Friday, March 15, 2013

Trailing

It's my one-week anniversary! Every day has seemed like an eternity, and yet this week has flown by when I look back on it.

Being a "trailing spouse" (or fiancé, to modify the term I learned in Egypt), I have long open days to fill while my partner is off at work. Every day I give myself a mission. So far I've been searching and applying for jobs, hunting for hiking shoes for my round-Cambodia trip next week, meeting a few other expats in town, applying for a new passport, and browsing for an apartment. Amazingly, the easiest task by far has been finding an apartment.

Last weekend Mathieu took me to see the apartment he had already booked for us, but unfortunately our reservation was messed up and we had to backtrack to the hotel. Having excitedly anticipated settling into a home, I was struck with frustration at Mathieu's colleague who'd made the mistake. That feeling quickly died when I found out that he was a sweet guy with no family, who had self-educated himself on lonely nights as a child because his mother had fled to France with her oldest children (not him) during the bloody civil war, and his father was taken outside and shot, as was the fate of many educated people then in Phnom Penh. The person who told me all this said, "Everybody here in their 40s or so has a story like that."

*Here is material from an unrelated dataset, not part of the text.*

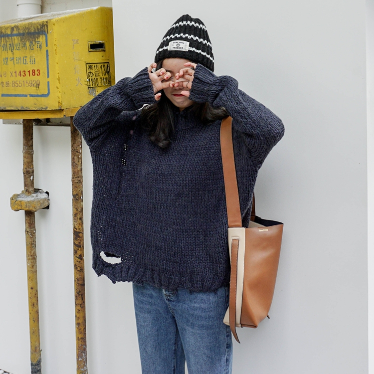 真的是超級個性的不規則破洞毛衣哦
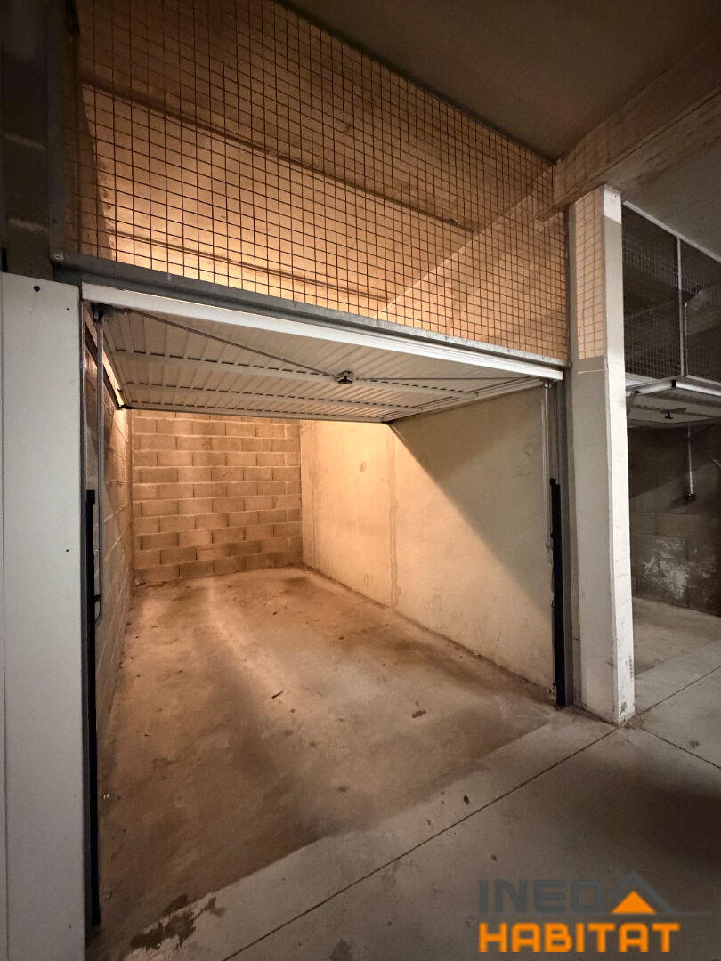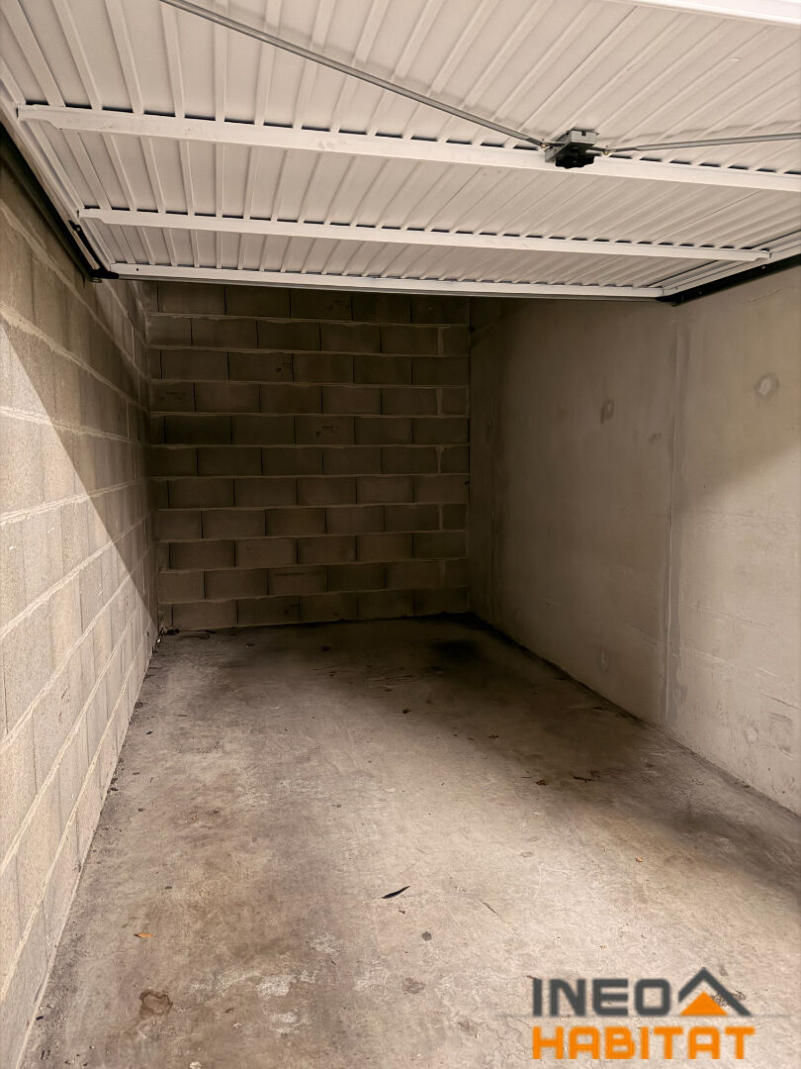 BOX fermé standard, adapté pour voiture, moto ou stockage, situé en sous-sol d'une copropriété sécurisée.

It's a recent history that is hard to imagine, and even harder to swallow. Even more maddening is that the war criminals are still on trial. Just the other night the former Khmer Rouge Minister of Foreign Affairs died. Ieng Sary had the privilege of living until the age of 87, when in just four years (1975-1979) he oversaw a genocide that slaughtered 1.7 million people. As the criminals die off and the justice system crawls along, the Prime Minister Hun Sen (a former member of Khmer Rouge - someone please explain that one to me) continues to obstruct justice and protect the old regime.

Sobered, I took on our change of plans with new perspective. I found a new place and we're scheduled to move in at the end of the month. 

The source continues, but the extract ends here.